● **TO DO**: Lines where the string "Chigualo" appears are to be copied from the entries below.

● **DATASET**:

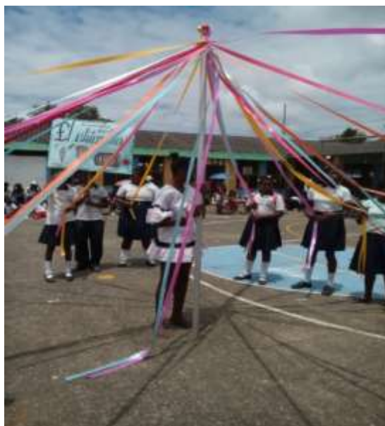
Figura 5: Estudiantes en dramatización de la danza Chigualo.

propuesto, se acoplaron los saberes a la propuesta de investigación, pocos estudiantes comprendieron y captaron el tema del Chigualo, planificaron las clases, desarrollaron el diario de campo, los formatos, sacar evidencias y entregar a tiempo sus trabajos realizados.
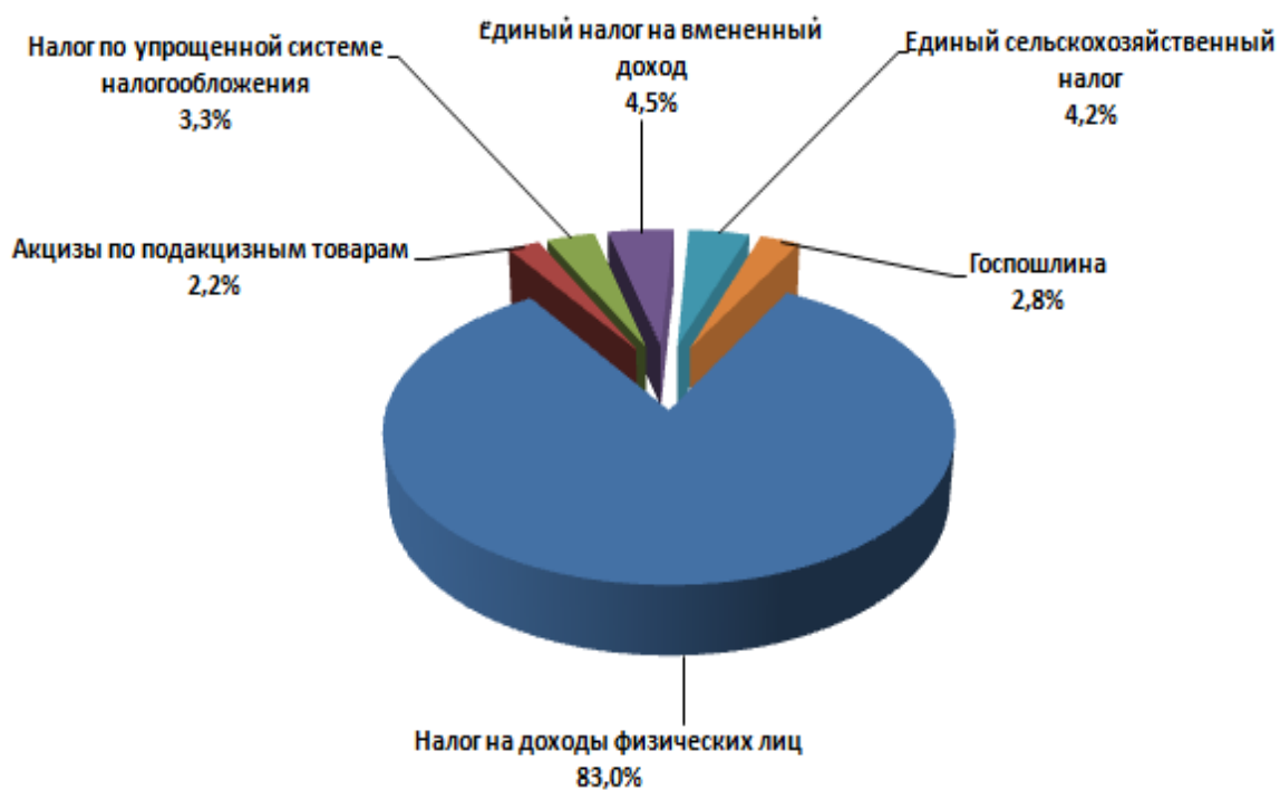
Рисунок 2 – Структура основных видов налоговых доходов районного бюджета в 2020 году
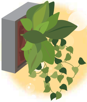
水やりも、壁掛けの状態のままできるものがポピュラーです♪

ングラータといった人気の植物が寄せ植えされた状態なので、すぐ飾ることが出来ます。
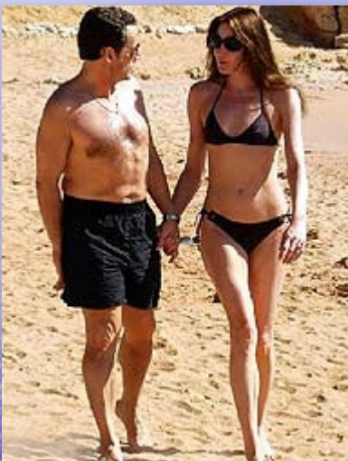
Nicolas Sarkozy e Carla Bruni: presidente francês e ex- modelo teriam se casado no Palácio do Eliseu
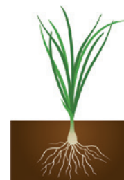
INICIO DE FORMACIÓN DE BULBO

● **SOLUTION FOR THIS PROBLEM**:
Figura 5: Estudiantes en dramatización de la danza Chigualo.
propuesto, se acoplaron los saberes a la propuesta de investigación, pocos estudiantes comprendieron y captaron el tema del Chigualo, planificaron las clases, desarrollaron el diario de campo, los formatos, sacar evidencias y entregar a tiempo sus trabajos realizados.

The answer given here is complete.